A brain tumor is an uncontrolled and abnormal proliferation of cells in the brain leading to catastrophic consequences. There are two broad categories of brain tumors namely non-cancerous (benign) and cancerous (malignant) based on the growth pattern, spread, and the frequency of recurrence rate.

Glioblastoma Multiforme

The benign tumor grows locally and is non-spreading or non-metastasizing, whereas malignant tumors grow aggressively and spread to other parts of the body from the site of origin (metastasis). As the brain is the most vital epicenter for all functional control and processes of the body, the uncontrolled proliferation of cells creates havoc in causing symptoms of seizures, vision problems or blurred vision, nausea, headaches, drowsiness, and even paralysis. However, some benign tumors are asymptomatic (without any detectable symptoms). Metastatic brain tumors are also called secondary brain tumors contrary unlike primary brain tumors.
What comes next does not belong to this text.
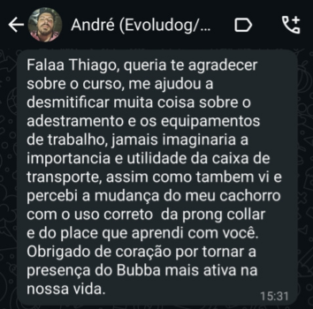 Grupo exclusivo de WhatsApp para tirar dúvidas sobre o conteúdo do curso diretamente com o Thiago Evoludog.

Primary tumors may be classified as glial tumors or gliomas (composed of glial cells) and non-glial tumors (developed on or in the structures of the brain, including nerves, blood vessels, and glands). Central nervous system (CNS) tumors contribute to approximately 2% of all malignancies. About 80% of malignant brain tumors may be gliomas. Glioblastoma multiforme (GBM) is a grade IV glioma, also called glioblastoma, and is one of the most lethal cancers of CNS in adults.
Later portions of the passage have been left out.